Beranda / Romansa / Gadis Kesayangan Tuan Adrian / Hari Pertama Melayani Tuan

Share

Hari Pertama Melayani Tuan

Penulis: Nooraya
last update Terakhir Diperbarui: 2025-10-09 20:04:19

“Nona ... Nona Melati ... bangunlah. Hari sudah pagi.” 

Suara lembut memanggilku pelan, membuatku tergerak untuk membuka mata. 

Cahaya matahari menerobos lembut dari celah tirai, menyinari kamar yang masih terasa asing bagiku. 

Sejenak aku terdiam, lupa di mana aku berada, sampai suara itu kembali terdengar.

“Selamat pagi, Nona.”

Seorang perempuan, yang sepertinya seumuran denganku, berdiri di tepi ranjang tempat tidurku. Senyumnya manis, wajahnya bulat dengan lesung pipi samar, rambutnya hitam dan terikat rapi ke belakang.

“Selamat pagi, Nona.”

Aku buru-buru bangkit duduk, merapikan rambut yang acak-acakan. “S-selamat pagi,” ucapku gugup.

Perempuan itu terkekeh kecil, lalu kembali berucap sambil kemudian menunduk sopan. “Perkenalkan, saya Sekar. Keponakan Bibi Asri.”

Aku mengangguk pelan. “Oh ... iya.”

“Mulai sekarang, saya yang akan mendampingi Nona. Mengenai tugas-tugas Nona di rumah ini. Saya akan membimbing Nona pelan-pelan, jadi jangan khawatir.”

Jantungku kembali berdebar, dan aku hanya bisa mengangguk. Rasanya seperti akan ada sesuatu yang besar menantiku.

“Namun sebelum itu,” Sekar kembali berkata dengan ceria, “sebaiknya Nona mencuci muka lebih dulu. Setelahnya, saya akan membantu Nona untuk berdandan dan sarapan. Baru setelah itu, saya akan menjelaskan semuanya.”

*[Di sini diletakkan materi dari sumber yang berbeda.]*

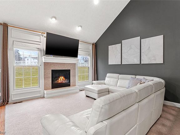 Welcome to this wonderful 3 bed, 2.5 bath home, located in Wakemans Edgewater Estate Condominiums. This bright & airy home features recent upgrades, captivating cathedral ceilings, and gleaming hardwood floors that greet you as you enter inside. Stay cozy in front of the living room fireplace with picture perfect windows on either side, showcasing the lush backyard and enjoy seamless flow to the open eat-in kitchen. This fully equipped chefs kitchen features ample wood cabinetry, stainless steel appliances, modern light fixtures, and a lovely dedicated dining space with sliding doors to the concrete patio. With plenty of options to relax, the formal dining room is currently being utilized as an additional seating area with french doors that open up to a perfect sized office on the other side of the wall. Enjoy everything you would need on one floor. The first floor master suite includes a large custom walk-in closet, full bathroom with dual sinks, and plush carpeting. A convenient laundry room with newer washer & dryer and half bath completes the first floor. Additional 2 bedrooms including a potential second floor master suite are placed upstairs with a sizable loft. Other features include freshly painted neutral walls, ample curb appeal, an attached 2-car garage, prime location, and more. Dont miss out and schedule your private showing today!

Aku mengiyakan semua perkataan Sekar. Dan setelah selesai berpakaian rapi serta sedikit merias wajah, aku pun mengikuti Sekar menuruni tangga menuju ruang makan.

Sesampainya di ruang makan, mataku pun terbelalak melihat meja makan penuh dengan hidangan yang semuanya terlihat begitu enak dan istimewa.

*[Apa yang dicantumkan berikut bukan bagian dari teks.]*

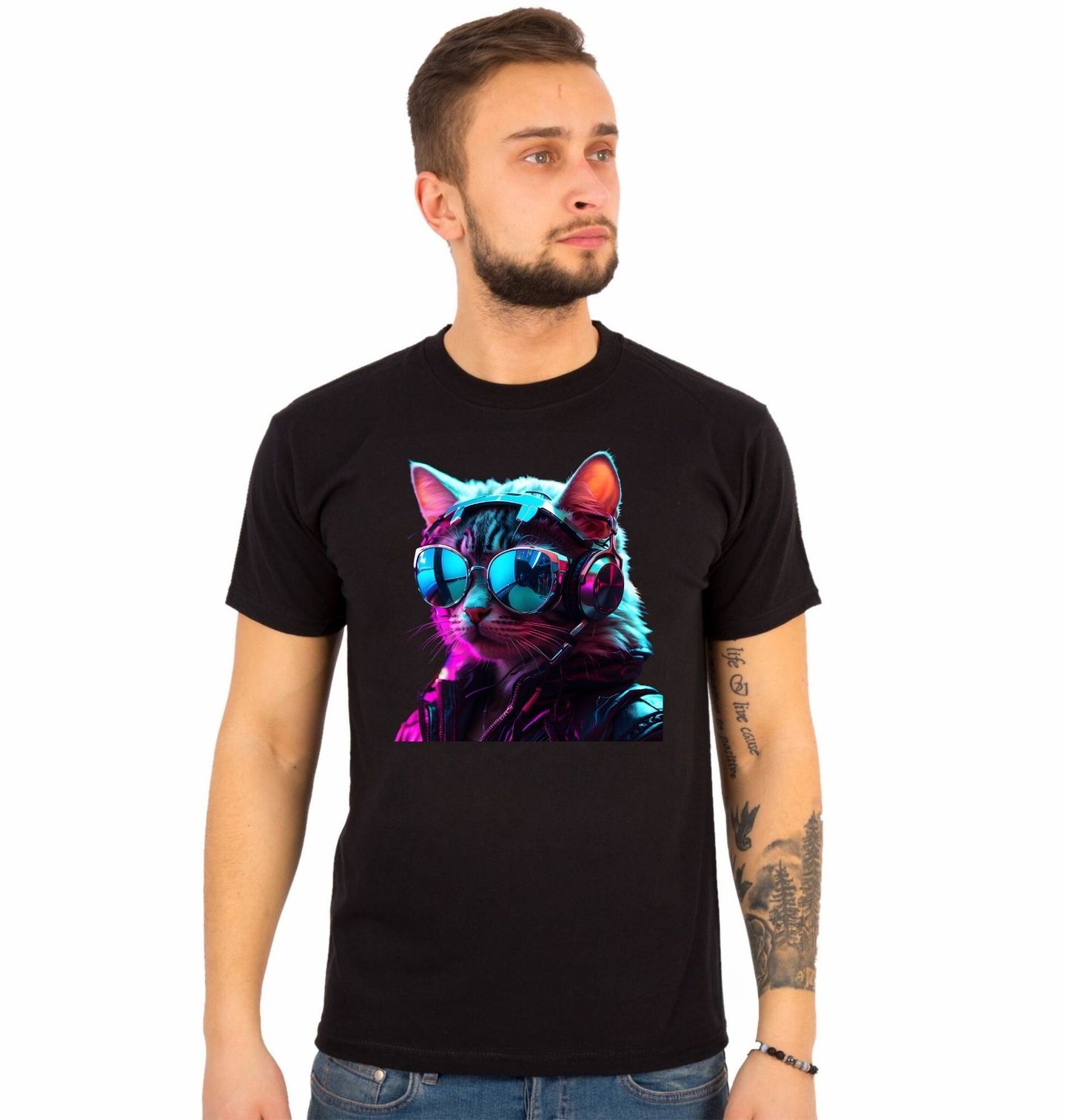 Pánské tričko Gamer Kočka se Sluchátky. Celý motiv působí futuristicky a dokonale vystihuje atmosféru herního prostředí. Detailní zpracování a kontrast světel dávají designu dynamiku a energii. Kočka zde představuje sebevědomí, styl a zábavu, zatímco gamer vibe osloví každého, kdo miluje hry, technologie a moderní estetiku.

Aku duduk di salah satu kursi dan terdiam. Tanganku masih ragu untuk menyentuh sendok. “A-aku rasa ini terlalu mewah,” ucapku pada Sekar. “Aku merasa seperti ... nona besar.”

Sekar tersenyum nakal. “Wah, ternyata Nona memang tidak hanya cantik, tapi juga rendah hati. Pantas saja Tuan Adrian rela membayar ratusan juta untuk Nona. Memang beda dari wanita-wanita Tuan Adrian yang lain.”

Aku menoleh cepat. “Apa? Ra-ratusan ... juta?” Suaraku tercekat, hampir tidak percaya dengan apa yang baru saja kudengar.

Sekar mencondongkan tubuhnya sedikit, berbisik seolah takut didengar orang lain. “Benar. Tepatnya, lima ratus juta, atau setengah milyar.”

Aku menelan ludah. Kepalaku terasa ringan dan dunia seolah berputar. Setengah milyar dikeluarkan Tuan Adrian untuk membeliku.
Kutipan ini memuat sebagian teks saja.